Is there ever  case where they might overlap, or, numbers might go missing ?

for example, in your 2nd example, there really isn't a justifiable starting point for second row, but assuming that is the case, could we also get (say) another row 500 - 600 and hen another overlapping 399-602 ?

While you are thinking of that, I will think of how I might solve...

Thanks for the question, sounds challenging :)
PortletPaulEE Topic AdvisorCommented:
try this please:
select
       ne.ID, ne.Number1, ne.Number2
from NumberExample2 ne
cross apply (
        SELECT 1
        FROM NumberExample2 ne2
        WHERE ne.Number1 < ne2.Number2 AND ne2.Number1 < ne.Number2
        AND NOT (ne.Number1 = ne2.Number1 AND ne2.Number2 = ne.Number2)
            ) as ca (isLapped)
group by
       ne.ID, ne.Number1, ne.Number2
having count(*) = 1
;

Open in new window

note I was using the smaller second set of numbers to test with.

see: http://sqlfiddle.com/#!6/d48ee/2

    CREATE TABLE NumberExample2
        ([ID] int, [Number1] int, [Number2] int)
    ;
        
    INSERT INTO NumberExample2
        ([ID], [Number1], [Number2])
    VALUES
        (1, 16, 40),
        (2, 29, 339),
        (3, 40, 41),
        (4, 41, 339)
    ;
    
    
**Query 1**:

    select
           ne.ID, ne.Number1, ne.Number2
    from NumberExample2 ne
    cross apply (
            SELECT 1
            FROM NumberExample2 ne2
            WHERE ne.Number1 < ne2.Number2 AND ne2.Number1 < ne.Number2
            AND NOT (ne.Number1 = ne2.Number1 AND ne2.Number2 = ne.Number2)
                ) as ca (isLapped)
    group by
           ne.ID, ne.Number1, ne.Number2
    having count(*) = 1
    

**[Results][2]**:
    | ID | Number1 | Number2 |
    |----|---------|---------|
    |  1 |      16 |      40 |
    |  3 |      40 |      41 |
    |  4 |      41 |     339 |

Open in new window

PortletPaulEE Topic AdvisorCommented:
mmm, seems I should have used an OUTER APPLY (not CROSS APPLY) but my suggestion doesn't produce the expected result for the first set. sorry.
Nick67Commented:
Doing something in VBA in Access, or in SQL Server in a stored procedure wouldn't be that hard
You'd load your table in an ordered fashion.
You'd create a table variable
You'd throw SecondNumber into a variable @TheSecond
Then you'd walk down the ordered table, and toss any record where FirstNumber <=  @TheSecond into the table variable.  For any record failing that test, the associated SecondNumber becomes @TheSecond
Keep walking to the end of the ordered table
Join the table variable to the table on the PK and delete what's there.

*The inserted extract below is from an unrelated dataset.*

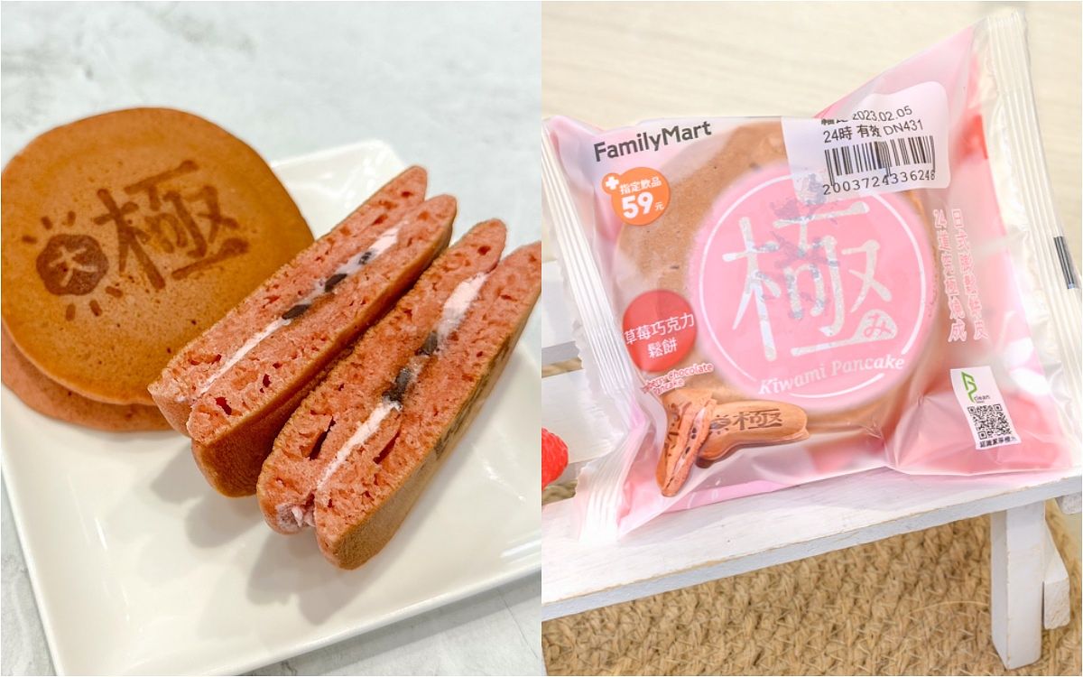 人氣商品「極鬆餅」如雲朵般的膨鬆柔軟,這次推出了全新口味「草莓巧克力」,淡粉鬆餅皮抹上了草莓奶油餡與巧克力,最適合當作下午茶的甜點首選。

But that's a RBAR solution, and not straight SQL

But @Paul, if I use these numbers in your fiddle

    (1, 16, 40),
    (2, 29, 339),
    (3, 40, 41),
    (4, 41, 339),
    (5, 15, 21),
    (6, 92, 440),
    (7, 65, 600)

I would expect to get ID=5 and ID = 2 back
But your solution yields 5 and 3.
I defer to you, though, on set based solutions

Nick67
Kevin CrossChief Technology OfficerCommented:
Is this really SQL 2012?
If yes, remember you have the LEAD and LAG functions as well as the ability to do more windowing.  Therefore, I can search for the LEAD OR LAG value is one off from my own.  Can go into this further if we are dealing with SQL 2012.
EugeneZ ZhitomirskySQL SERVER EXPERTCommented:
you need  something to do with your sample data

1          14978          15135
2          15135         15256
3         15137           15256
4         15154           15256
5         15156           15256
6        15157           15175
7         15175          15256
8       15256,  15292



and as an another idea for the code  

    select e.id,LEAD(e.firstNumber,0) OVER (ORDER BY e.firstNumber
) Num1,
LAG(e.SecondNumber,0) OVER (ORDER BY e.firstNumber)Num2
from NumberExample e
Mark WillsTopic AdvisorCommented:
CTE query...

Recursion = get first instance of row then use that to select the next one etc.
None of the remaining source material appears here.